- Fly into Boston next Wednesday, where Otes will fetch me from the airport and I will (of my own volition, though the promise of wine helps) spend the next two days helping him and Sean pack for their impending move.
- Head to the Cape on the weekend, either via Greyhound with Jonny D. on Friday night or with Paula (and the rest of New England) on Saturday morning.
- Drive home with Mom, Dad, and Greg on Sunday night, and stay in CT until Wednesday morning, at which point I will...
- ...fly to Pittsburgh to see Rachel, David, and adorable little Joseph for a few days.
- Fly to Philly (alas, Southwest goes no closer to NYC) on Friday afternoon, and somehow (SEPTA? New Jersey Transit? Greyhound again?) deposit myself in downtown Manhattan.
- Ingest as much of New York as I can before Amtrak-ing back to Boston on Sunday night for one last hurrah before the aforementioned crack-of-dawn departure on Tuesday.
It's funny: I keep describing this trip to friends and colleagues as a chance to relax, do no work, and generally lounge around. Of course, it's clearly insane: not even counting my cross-country flights, I must be spending the equivalent of a full day on various forms of mass transit, and I haven't scheduled more than three days in one place.

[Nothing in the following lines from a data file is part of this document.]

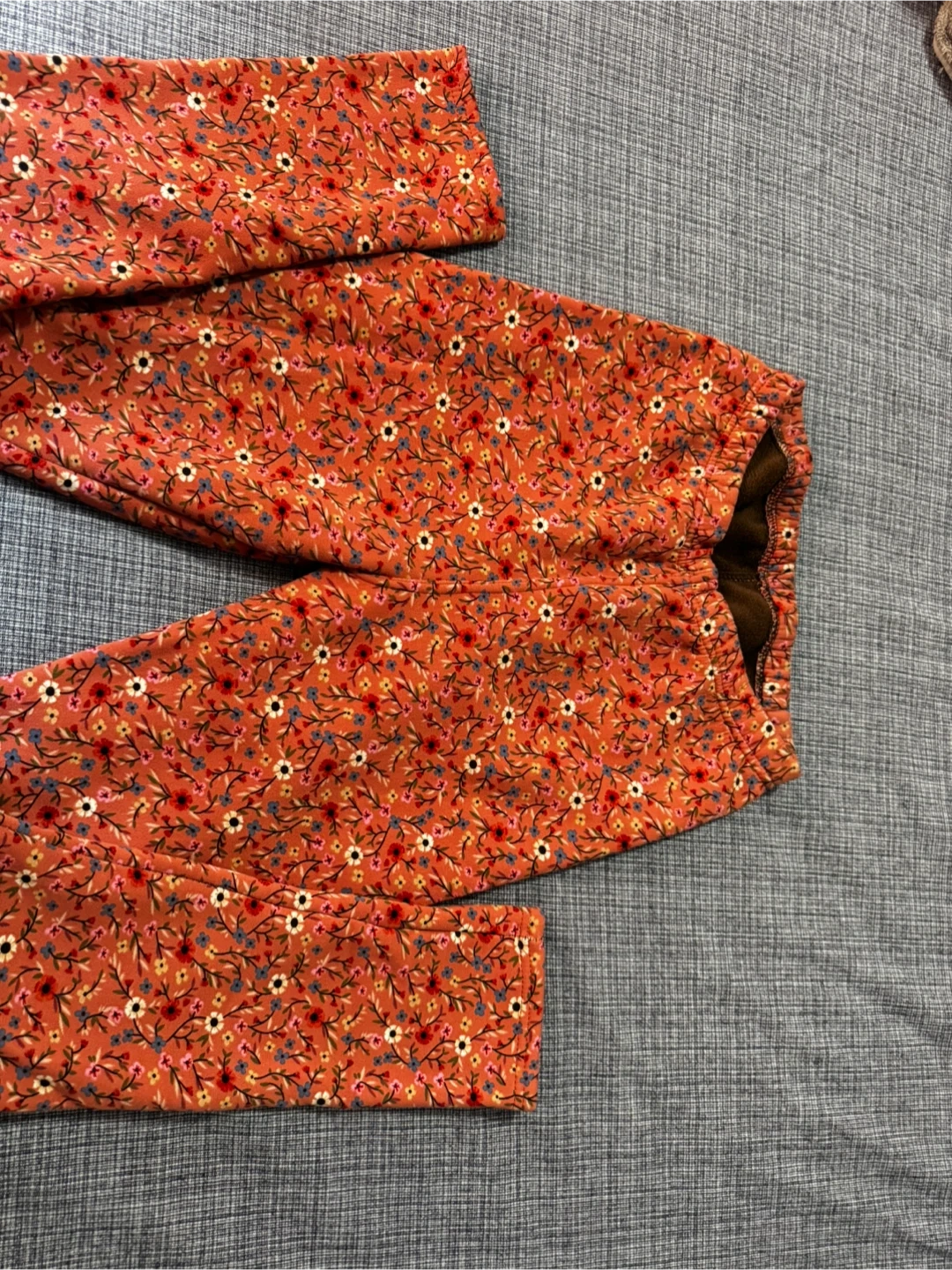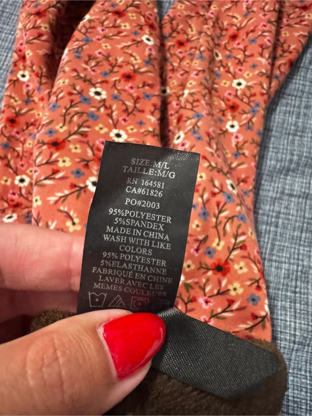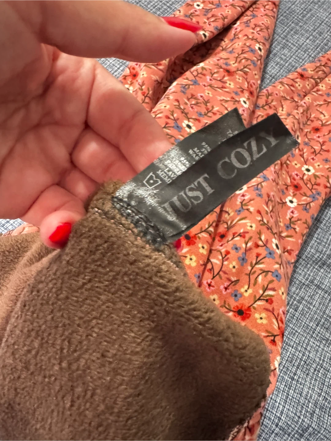 These leggings are from Just Cozy and feature a cute floral print. They are a size M/L and made of 95% polyester and 5% spandex, making them super comfy and stretchy!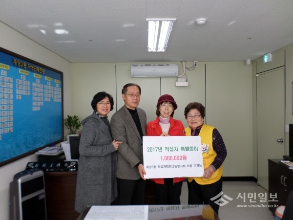 15일 인천 계양구 계양3동 적십자희망나눔봉사회는 계양3동 주민센터를 방문해 2017년도 적십자특별회비 100만원을 전달했다. 사진은 사진은 이경남 봉사회장을 비롯한 관계자들이 기념촬영을 하는 모습.(사진제공=계양구청)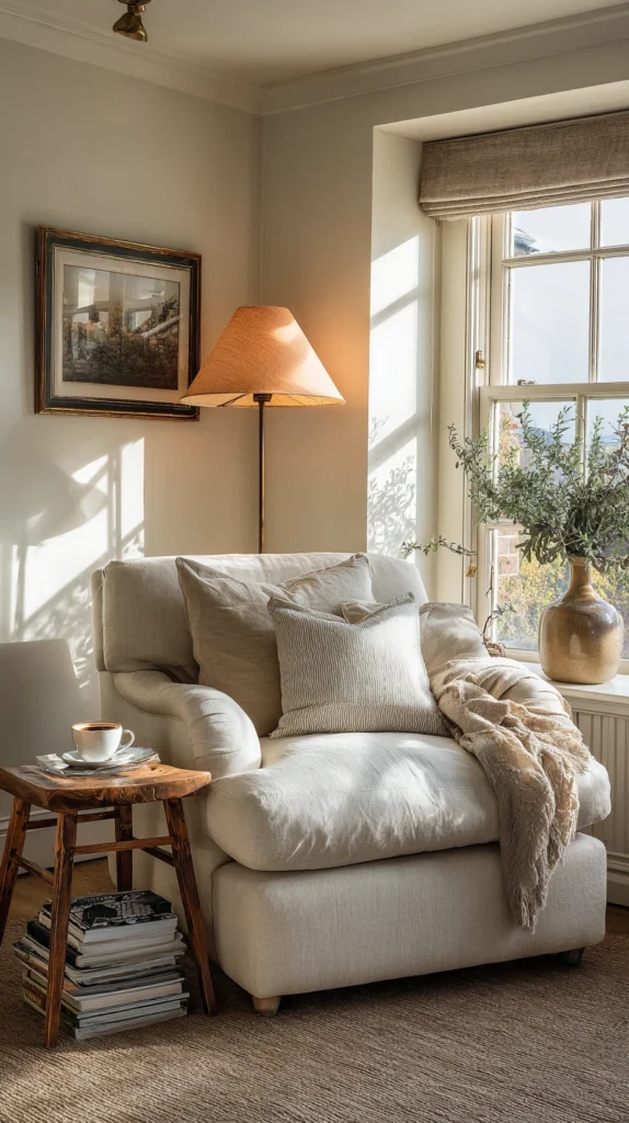 A good armchair — comfortable enough to sit in for two hours without discomfort — costs $150–$400 new or $40–$150 second-hand in good condition. A simple wooden side table runs $30–$80. A reading lamp with a warm bulb costs $30–$80. A linen or cotton slipcover for the chair in a neutral tone costs $60–$150 if the chair’s original upholstery is not quite right. The total investment in a genuinely functional reading corner sits between $200 and $500 for a new setup — less if second-hand furniture and existing lamps are incorporated into the arrangement.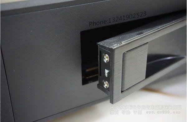 硬盤槽門卡口,用手拉時與彈簧片聯動推出槽門實現輕松裝卸硬盤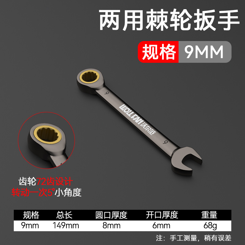 • 블랙 니켈 이중 목적 래칫 렌치 9mm

But I couldn't be happier. This is a vacation I feel like I need more than ever, both because I still feel like I need to keep slathering myself in some sort of balm that will help dull the effects of the various stressful events of the past half-year and because, with the exception of Amtrak's bathrooms and Logan before dawn, I love everything that awaits me: some of my best friends, some of my favorite cities, time with the family that loves me without question and without fail, the chance to pick blueberries from Twin Chimney's bushes and run the Rail Trail in Orleans in the cool of the morning and swim in the Atlantic.
And the chance, best of all, to fall asleep on thirteen cricket-soaked, open-windowed evenings with the smart of heartache, the gut-punch of financial worry, and the tug of uncertainty thousands and thousands of miles away.